DATA LISTING Block Start

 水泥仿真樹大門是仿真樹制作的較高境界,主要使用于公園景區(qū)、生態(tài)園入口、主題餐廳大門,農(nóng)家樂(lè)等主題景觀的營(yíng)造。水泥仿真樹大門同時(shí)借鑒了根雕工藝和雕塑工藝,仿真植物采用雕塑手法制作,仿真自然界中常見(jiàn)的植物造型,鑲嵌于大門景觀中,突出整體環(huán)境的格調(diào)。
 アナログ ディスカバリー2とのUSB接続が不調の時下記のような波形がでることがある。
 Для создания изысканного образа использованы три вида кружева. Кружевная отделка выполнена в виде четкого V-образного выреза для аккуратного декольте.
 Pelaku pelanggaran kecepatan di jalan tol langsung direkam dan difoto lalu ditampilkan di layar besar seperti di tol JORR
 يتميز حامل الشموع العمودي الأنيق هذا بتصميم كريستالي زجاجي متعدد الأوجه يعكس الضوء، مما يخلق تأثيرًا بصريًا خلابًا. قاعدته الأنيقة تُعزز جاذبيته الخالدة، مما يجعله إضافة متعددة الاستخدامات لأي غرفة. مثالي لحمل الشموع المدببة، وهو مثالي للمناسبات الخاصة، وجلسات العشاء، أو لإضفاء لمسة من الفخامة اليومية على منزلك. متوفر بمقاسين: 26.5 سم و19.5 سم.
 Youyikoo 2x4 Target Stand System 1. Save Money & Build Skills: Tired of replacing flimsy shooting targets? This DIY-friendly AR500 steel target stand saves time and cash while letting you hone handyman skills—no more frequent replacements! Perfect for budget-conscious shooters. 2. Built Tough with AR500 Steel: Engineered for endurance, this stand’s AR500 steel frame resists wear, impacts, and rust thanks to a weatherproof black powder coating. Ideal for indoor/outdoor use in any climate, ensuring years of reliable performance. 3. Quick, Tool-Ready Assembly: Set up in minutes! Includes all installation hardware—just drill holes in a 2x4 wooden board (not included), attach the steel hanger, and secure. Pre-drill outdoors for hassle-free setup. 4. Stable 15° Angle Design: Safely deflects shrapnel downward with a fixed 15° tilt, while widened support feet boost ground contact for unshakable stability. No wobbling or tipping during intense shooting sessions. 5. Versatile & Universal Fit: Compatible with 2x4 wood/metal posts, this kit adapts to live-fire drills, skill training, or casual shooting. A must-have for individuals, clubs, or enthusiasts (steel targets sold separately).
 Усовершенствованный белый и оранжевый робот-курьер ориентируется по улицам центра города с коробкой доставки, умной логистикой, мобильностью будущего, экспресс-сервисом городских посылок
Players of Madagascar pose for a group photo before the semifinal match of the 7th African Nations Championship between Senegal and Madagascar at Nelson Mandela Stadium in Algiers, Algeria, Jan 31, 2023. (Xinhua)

DATA LISTING Block End

▸ ACTION ITEM
Starting with the first line of the listing above and ending with the line that holds "Pelaku pelanggaran kecepatan", return those lines exactly as written, both included.

▸ PROBLEM SOLUTION
 水泥仿真樹大門是仿真樹制作的較高境界,主要使用于公園景區(qū)、生態(tài)園入口、主題餐廳大門,農(nóng)家樂(lè)等主題景觀的營(yíng)造。水泥仿真樹大門同時(shí)借鑒了根雕工藝和雕塑工藝,仿真植物采用雕塑手法制作,仿真自然界中常見(jiàn)的植物造型,鑲嵌于大門景觀中,突出整體環(huán)境的格調(diào)。
 アナログ ディスカバリー2とのUSB接続が不調の時下記のような波形がでることがある。
 Для создания изысканного образа использованы три вида кружева. Кружевная отделка выполнена в виде четкого V-образного выреза для аккуратного декольте.
 Pelaku pelanggaran kecepatan di jalan tol langsung direkam dan difoto lalu ditampilkan di layar besar seperti di tol JORR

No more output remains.